Rybrevant’s antigen binding regions target epitopes on the EGFR and mesenchymal-epithelial transition receptor.

The approval was based on efficacy data from Janssen’s PAPILLON trial, presented at the European Society for Medical Oncology 2023 event, where patients in the experimental arm of the trial were treated with Rybrevant in combination with carboplatin and pemetrexed and patients in the control arm were treated with carboplatin and pemetrexed alone.

Median progression-free survival (PFS) in the triplet arm of the trial was 11.4 months while it was just 6.7 months in the doublet arm (hazard ratio/HR, 0.40; 95% confidence interval/CI: 0.30-0.53).

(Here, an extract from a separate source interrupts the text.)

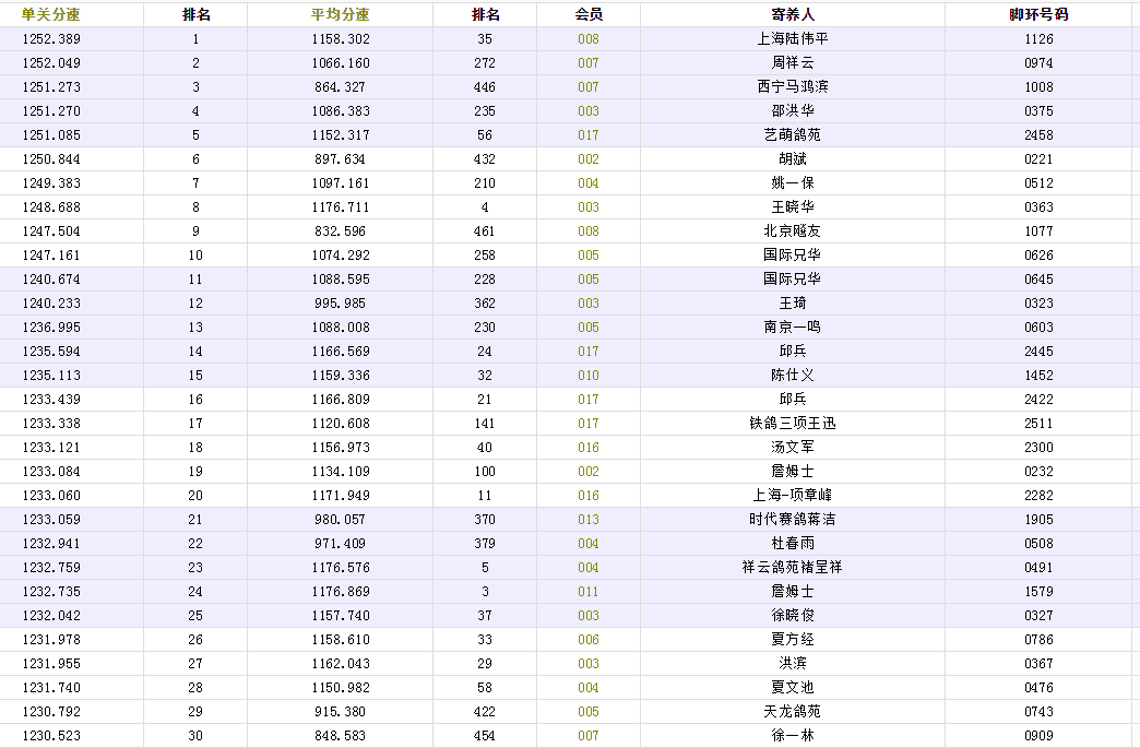 14:21:24,上海陆伟平一羽环号为1126的灰鸽率先落棚,以1252.389米/分的速度顺利将本关冠军收入囊中。周祥云的一羽赛鸽紧随其后,分速1252.049,以微弱的差距位居第二。一羽接一羽的鸽子纷纷落棚,现场一下子热闹起来。完成本关挑战的赛将,预计下周将开展最后一关的角逐。

The triplet combination also shows a durable response in a subset of patients, as demonstrated by the 18-month PFS rates, where 69% of patients receiving the triplet and 97% of patients receiving the doublet progressed.

Overall survival rates were immature at the most recent 24-month analysis, with 44% of prespecified deaths for the final analysis occurring; however, the trend is moving in favour of the triplet combination (HR, 0.675; 95% CI: 0.42-1.09).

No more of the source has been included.